07), 3. 9% yield). Grayscale Ethereum Mini Trust (ETH) carries a higher beta of 2. 91 — meaning larger drawdowns in market downturns, which matters significantly when you cannot wait years for a recovery. Both have compounded well over 10 years (HNI: +6. 0%, ETH: -17. 2%), confirming both are viable long-term holds — but the lower-volatility option typically results in less emotional selling during corrections. Retirement portfolios generally favour predictability over maximum returns. Consult a financial advisor before making allocation decisions.
10What are the main differences between FLXS and ETH and LOVE and HNI and MHK?

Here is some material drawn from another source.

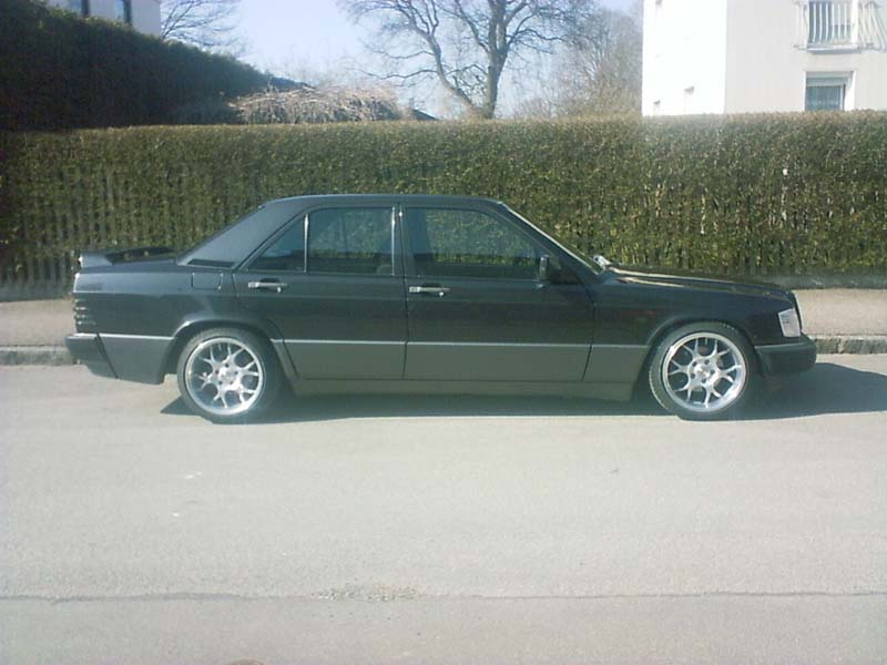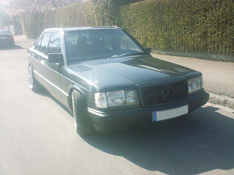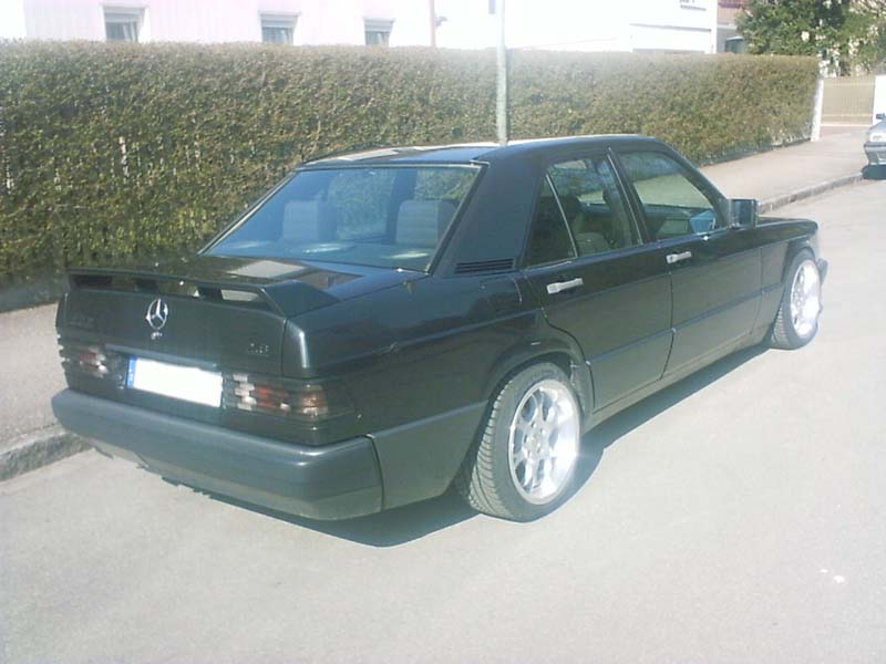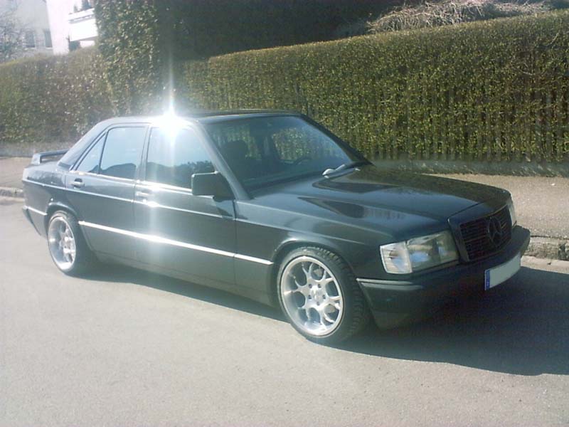 190E 2,6; 160PS; Baujahr 89; Felgen: Borbet BS in 9x16 mit 215/40er Schlappen Federn; Heckspoiler; schwarze Rückleuchten; weiße Blinker; Grill (keine Ahnung woher); und so Kleinigkeiten; Anlage: Headunit: Pioneer DEH-P9300R mit 12fach Wechsler Front+Heck: Infinity Kappa 16 20er Pioneer Pumpe unterm Beifahrersitz 20er Pioneer FreeAir in der Ablage Endstufen: 1x Pyle Millenium 600W (Front+Heck) 1x Pyle Millenium 300W (Bass) D.E.S.I. Alarmanlage

These companies operate in different sectors (FLXS (Consumer Cyclical) and ETH (Financial Services) and LOVE (Consumer Cyclical) and HNI (Industrials) and MHK (Consumer Cyclical)), which means they face different economic cycles, regulatory environments, and macro sensitivities — making direct comparison nuanced.
In terms of investment character: FLXS is a small-cap deep-value stock; ETH is a small-cap deep-value stock; LOVE is a small-cap quality compounder stock; HNI is a small-cap income-oriented stock; MHK is a small-cap deep-value stock. FLXS, HNI pay a dividend while ETH, LOVE, MHK do not, making them suitable for different income and tax situations. These fundamental differences mean investors should not choose between them on a single metric — the "better stock" depends entirely on which of these characteristics aligns with your investment strategy.